Alfred Turner had a chance to talk with musician and composer Béla Fleck a few days before his visit to Columbia, SC, to perform his new banjo concerto, the Juno Concerto. Beck was scheduled to perform the work on November 13, at the Koger Center, with the South Carolina Philharmonic, under music director Morihiko Nakahara. Just in case you aren't familiar with Béla Fleck, there are some who say he's the world’s premier banjo player.
The 15-time Grammy Award winner has been nominated in more categories than any other artist in Grammy history, and remains a powerfully creative force globally in bluegrass, jazz, classical pop, rock and world beat. Most recently, Béla and Abigail Washburn took home the 2016 Grammy for Best Folk Album.
In 2009, Béla produced the award-winning documentary and recordings, Throw Down Your Heart, where he journeyed across Africa to research the origins of the banjo. In 2011, Fleck premiered The Impostor with the Nashville Symphony Orchestra, an unprecedented banjo concerto, followed by the companion documentary, How to Write a Banjo Concerto. In 2016, Béla unveiled his second concerto Juno with the Canton Symphony Orchestra.

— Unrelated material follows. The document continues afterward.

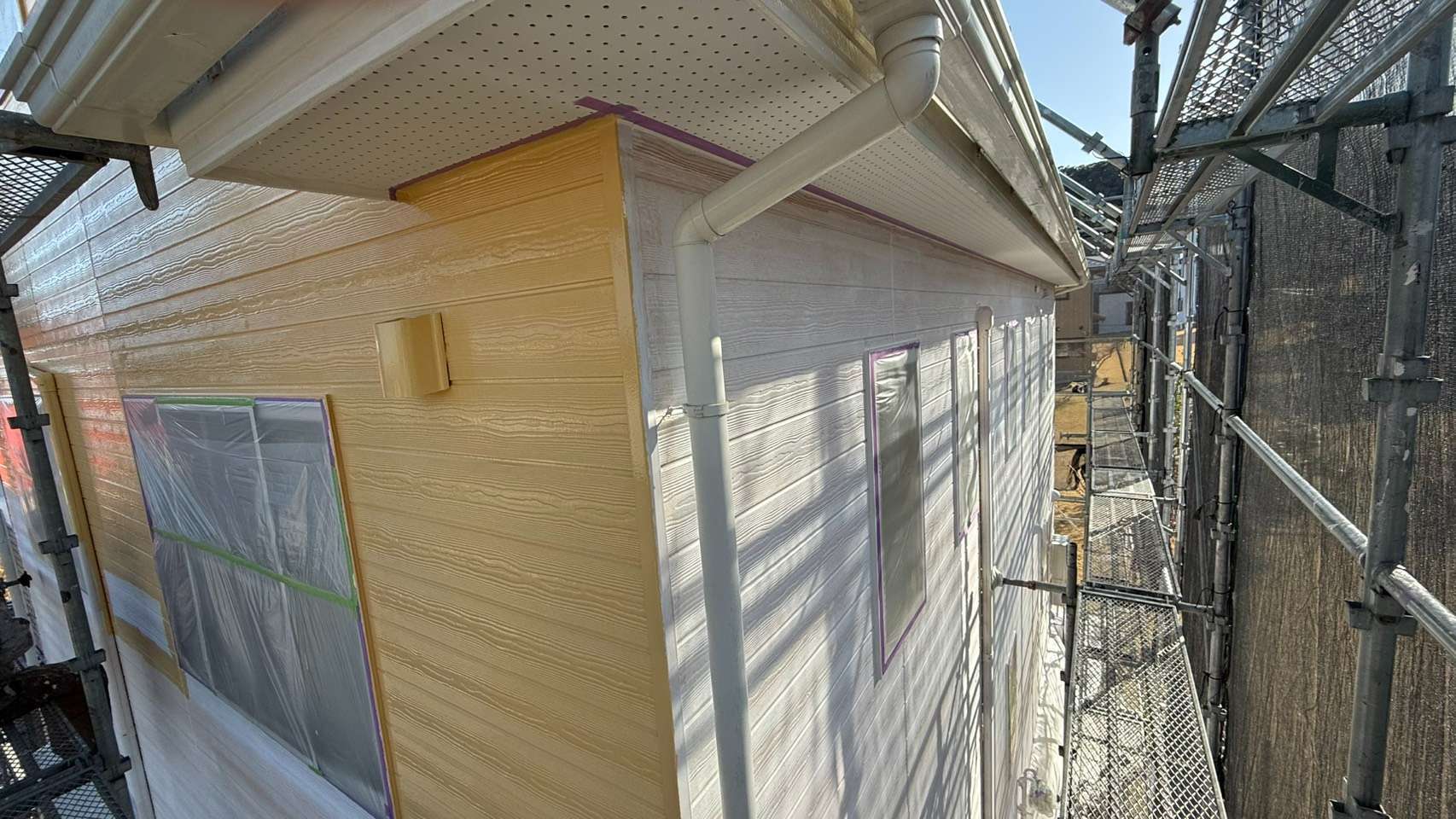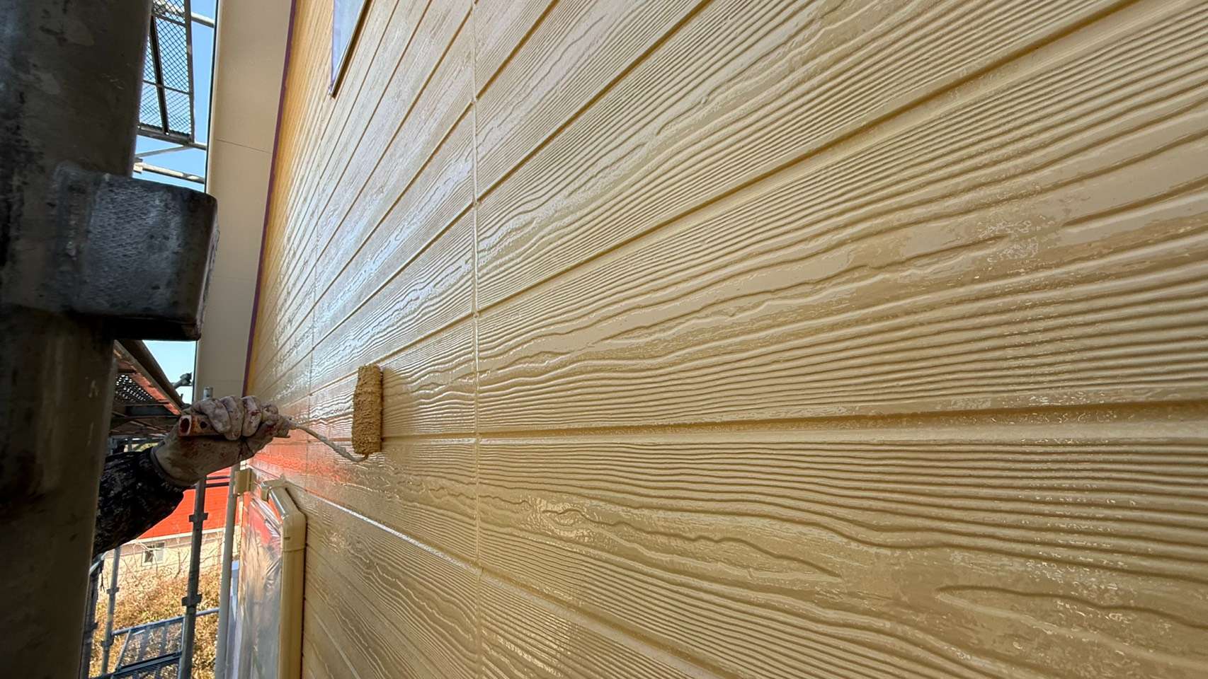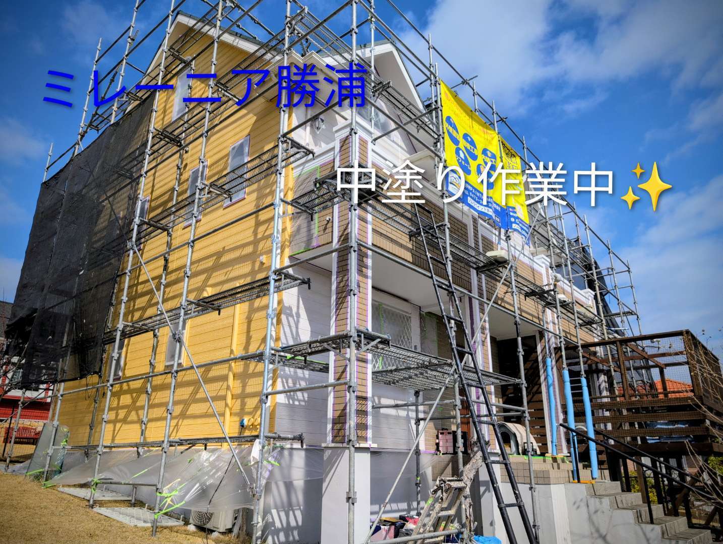 勝浦市興津久保山台(ミレーニア勝浦)では、外壁塗装工事の 中塗り作業 を行いました✨

These days, Fleck bounces between various intriguing touring situations: he performs his concerto worldwide with symphonies, collaborates in a duo with Chick Corea and in a trio with Zakir Hussain and Edgar Meyer. He performs in concert with the Brooklyn Rider string quartet, in banjo duet with Abigail Washburn, banjo and mandolin duet with Chris Thile, and back to bluegrass with his old friends Sam Bush, Jerry Douglas, Stuart Duncan, Bryan Sutton and others. He collaborates with African artists such as Oumou Sangare and Toumani Diabate, in a jazz setting with The Marcus Roberts Trio, and - with Béla Fleck and the Flecktones, who continue to perform together 25 years after the band’s inception.